## About this exercise
From the line with "Salvia 'Tidal Pool'" to the line with "The upland fringes", output every line below exactly, both ends included. Skip the pictures.

## Data records
□ □ □ □

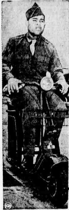
Sgt. Joe Louis, in Hollywood appearing in screen version of "This is the Army," gets around movie lot on motor scooter.
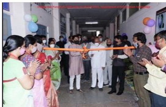
Inauguration Function of QR code
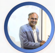
Amb. Asad Majeed
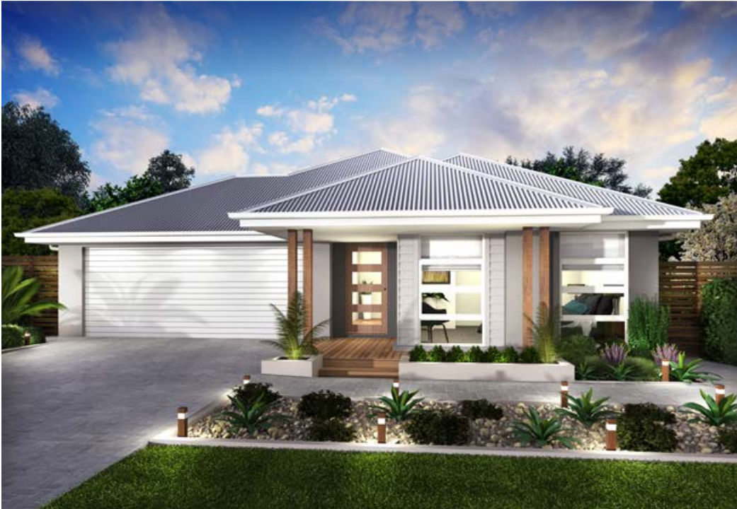
Haven F-SNDHAVN01 (26°)
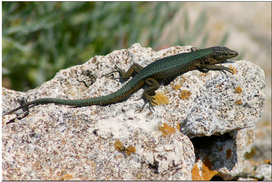
Adult Podarcis lilfordi fenni (Illa des Porros 25-04-2008)
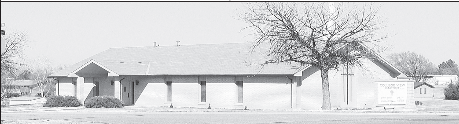
COLLEGE VIEW BAPTIST CHURCH (Affiliated with Southern Baptist), 1185 Wheatridge Rd. at College Drive, 785-460-7144, Sunday Bible Study 9:30 a.m., Sunday Worship services, 10:45 a.m. Prayer Service at 6:30 p.m. on Wednesday's.
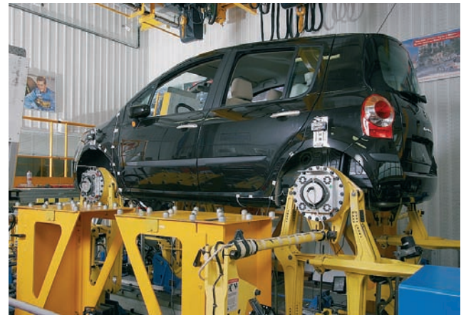
Fig. 2: RoaDyn S625 System 2000 non-spinning on vehicle test stand
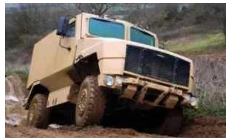
The Supacat Protected Vehicle (SPV400) today received its International Media Launch at the Long Valley Test Ground, Aldershot, UK.

The SPV400 is the contender from British high mobility vehicle specialist, Supacat, for the UK Ministry of Defence's Light Protected Patrol Vehicle (LPPV) programme. Under an Urgent Operational Requirement the UK MoD is expected to order an initial batch of 200 vehicles to enter service in early 2011.
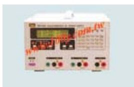
"ABM" apheliotropic LCD Power Supply
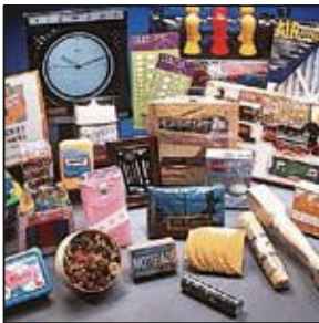
Cryovac® Performance Shrink films
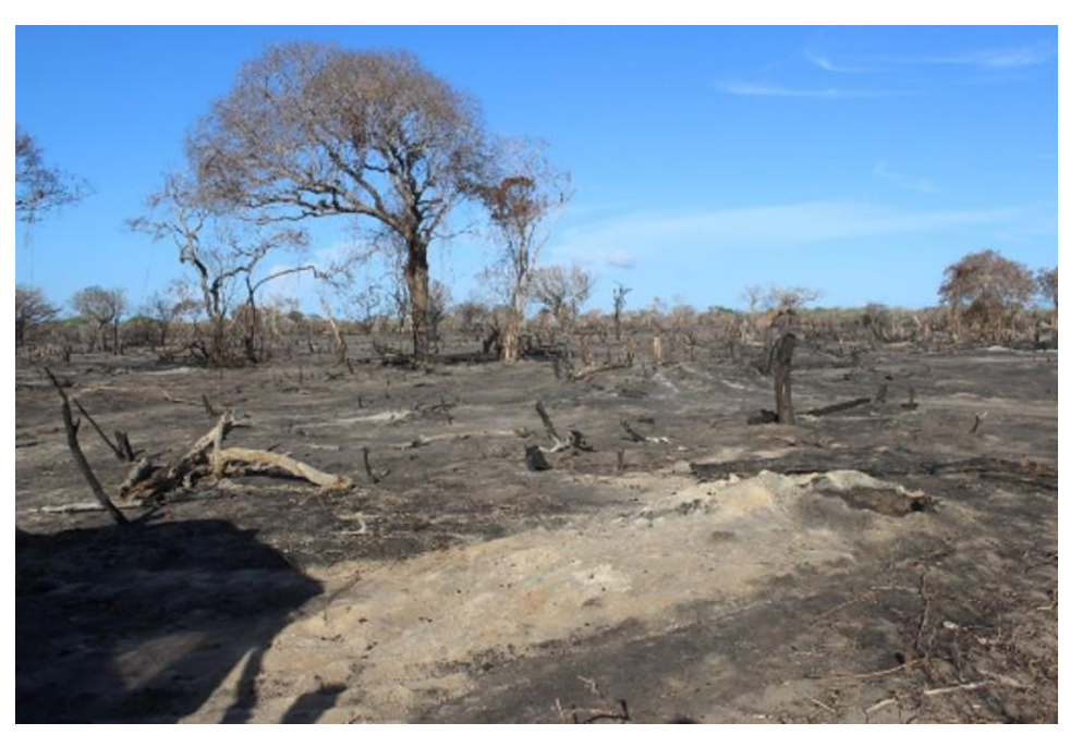
Picture 15: Some of the ongoing destruction of forests by people speculating due to LAPSSET

Development that affects the marine waters will have a negative impact on sustaining marine animals. The disturbance and destruction of the coastal ecology will affect the fish and shellfish that depend upon the mangrove for their nutrients and habitat, and thereby our fishing activities.
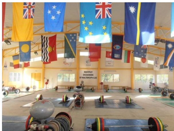
The Oceania Institute ready for training
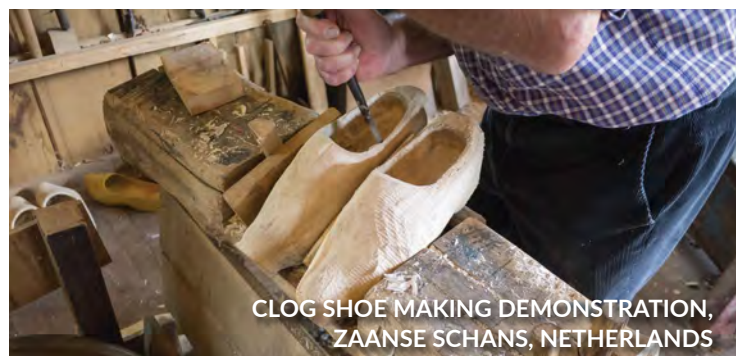
CLOG SHOE MAKING DEMONSTRATION, ZAAANSE SCHANS, NETHERLANDS

the past with a futuristic edge. Drive by the picturesque Royal Palace of Laeken before arriving in the city to see the Royal Palace of Brussels . Next, take a leisure jaunt through the La Grand-Place , a market square featuring architecture of an eclectic blend of Western artistic styles, which would lead you to the renowned Manneken Pis , a small sculpture depicting a naked boy urinating into a water fountain that represents the rebellious spirit of the city of Brussels. Thereafter, spend the rest of the afternoon for some shopping at leisure, but do not forget to pick up some Belgian chocolate as a sinful treat to reward yourself. You may also wish to make an optional visit to nearby city Bruges before you end the day. Optional: Bruges Tour
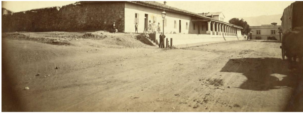
This 1886 photo shows a single gas lamp on the corner of Mission San Luis Obispo.

oftentimes hazardous, and pedestrians ran the risk of stepping into sidewalk holes, tripping over obstacles, finding themselves ankle-deep in mud, or taking an unexpected tumble into San Luis Creek.
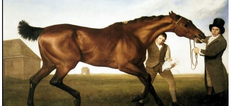
Hambletonian, Rubbing Down (1800)
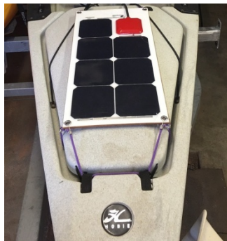
Available in a variety of sizes, shapes & efficiencies
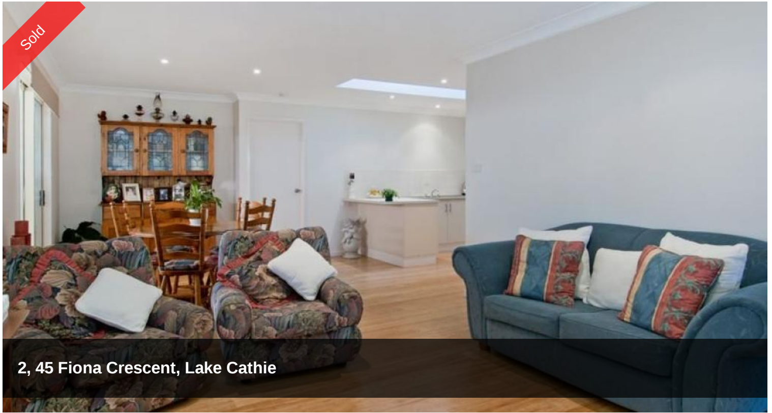
2, 45 Fiona Crescent, Lake Cathie
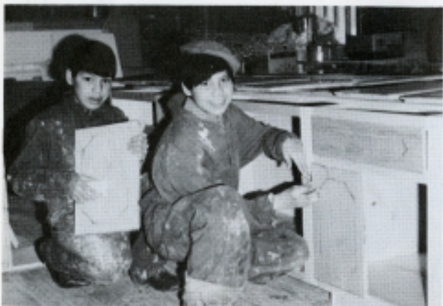
We made a cabinet for the girls' wash-room. We planed the boards and cut and sanded them. Then we glued and nailed them together. Manashe
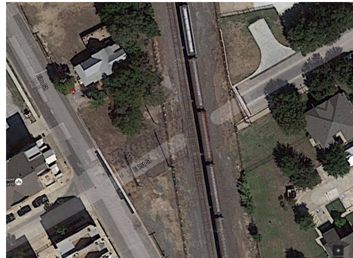
First Street Crossing After Closure
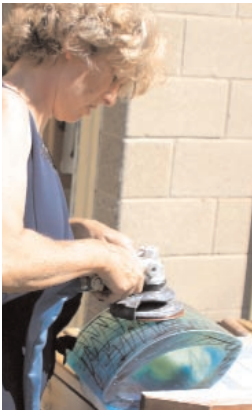
Recipient of the "2007 Irving S. Gilmore Emerging Artist" grant
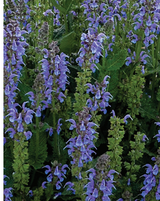
Salvia 'Tidal Pool'

Series is well-suited to the middle of the flower border. Fills out a container nicely, but won't overrun the garden. 'Berry Taffy' features raspberry-pink flowers with bronze-colored bracts. Newest foliage is notably dark.
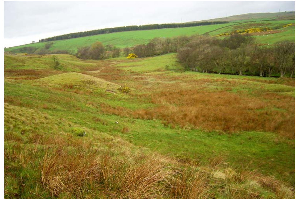
The upland fringes of the NCA are still a broad and open landscape but forestry plantations and more extensive farming systems mark the transition to the adjoining uplands.

The eastern part of the area acts a major transport hub with the main routes linking Scotland and England west of the Pennines, such as the M6, A7 and the West Coast Main Line railway, and east-west links such as the A69, A595 and the Carlisle to Newcastle railway line converging on Carlisle.

□ □ □ □

## The answer
Salvia 'Tidal Pool'

Series is well-suited to the middle of the flower border. Fills out a container nicely, but won't overrun the garden. 'Berry Taffy' features raspberry-pink flowers with bronze-colored bracts. Newest foliage is notably dark.
The upland fringes of the NCA are still a broad and open landscape but forestry plantations and more extensive farming systems mark the transition to the adjoining uplands.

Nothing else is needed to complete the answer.